MKSNet: Multi-Kernel Selection for Small Object Detection

Updated 10 December 2025

The paper introduces a novel multi-kernel selection mechanism that dynamically aggregates multi-scale context for improved small object detection.
It integrates dual attention modules—channel and spatial—to refine features and suppress background clutter effectively.
Empirical evaluations on DOTA and HRSC2016 benchmarks show state-of-the-art performance, particularly for densely packed small objects.

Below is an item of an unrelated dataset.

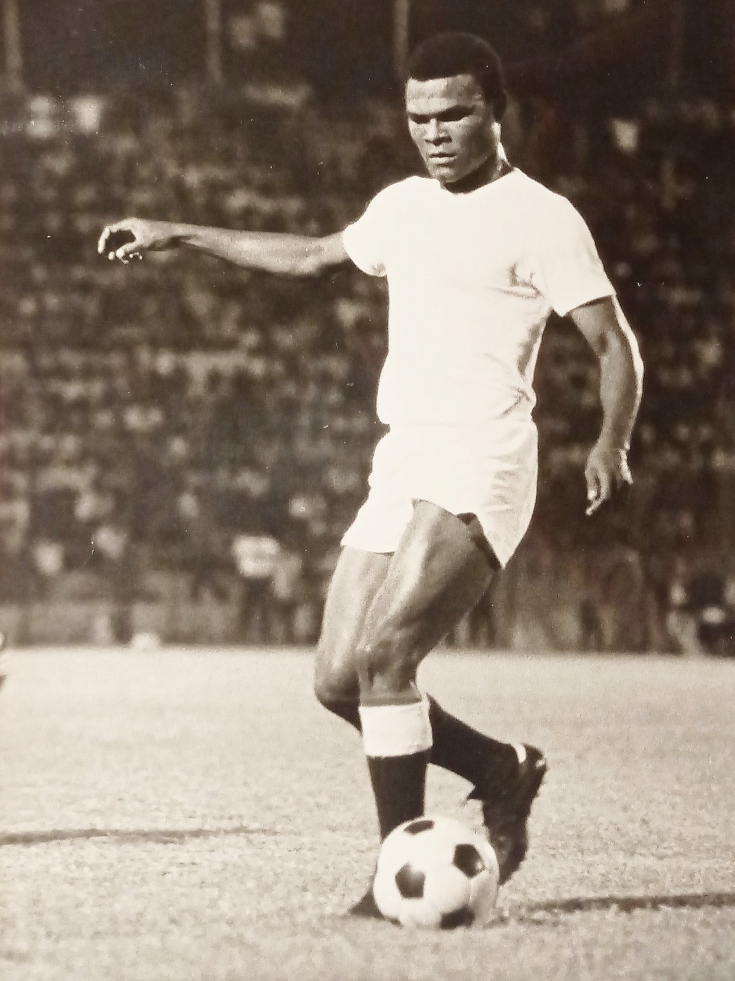 Foto dell'Agenzia Olympia - Nazionale di Calcio di Haiti - Claude Barthélemy - Anni '70 Dimensioni 24 x 18 cm ca. Condizioni molto buone. Claude Barthélemy è stato un calciatore haitiano, di ruolo attaccante.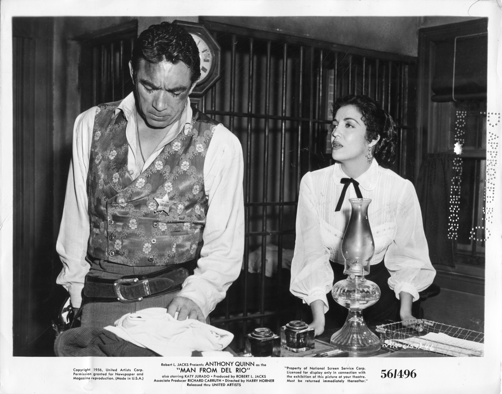 Anthony Quinn and Katy Jurado (shown) star in the Robert L. Jacks picture, "Man From Del Rio" (United

The Multi-Kernel Selection Network (MKSNet) is a convolutional neural network architecture designed for advanced small object detection in high-resolution remote sensing imagery. It introduces a novel multi-kernel selection mechanism for dynamic context aggregation and integrates dual (channel and spatial) attention to enhance feature relevance and suppress background clutter. Empirical evaluations on prominent benchmarks establish MKSNet as state-of-the-art for this task, with particular strength on densely packed, small object categories (Zhang et al., 3 Dec 2025).

1. Architectural Composition and Inference Pipeline

MKSNet processes high-resolution input images (e.g., 6000×6000 pixels) through a structured pipeline that emphasizes multi-scale context extraction and attention-guided feature refinement. The pipeline sequence can be described as:

Input Patch Embedding: Initial 3×3 stride-2 convolution with batch normalization and ReLU, halving image resolution and projecting to initial channel dimension $C_0$ .
Backbone (MKS Blocks): Four successive stages, analogous to ResNet's C2–C5, each comprising repeated multi-kernel selection (MKS) blocks. Stage output channels increase in the sequence {256, 512, 1024, 2048}, with stride-2 convolutional downsampling between stages.
Feature Pyramid Network (FPN): Lateral 1×1 convolutions reduce each stage's output to 256 channels, enabling top-down cross-scale fusion, forming FPN pyramid levels P2–P5.
Detection Head (Oriented-RCNN): Oriented region proposal network (RPN) operates over the FPN levels, producing rotated proposals. Rotated ROIAlign pools features for each proposal, with two-branch heads for classification (cross-entropy) and 5D oriented box regression (smooth L₁ loss).
Output: A set of oriented bounding boxes with categorical scores.

Pipeline (editor’s term):

Input → patch-conv → [MKS block × n₁] → downsample → [MKS block × n₂] → ... → [MKS block × n₄] → FPN → Oriented RPN → Rotated ROIs → classification/regression heads → final detections.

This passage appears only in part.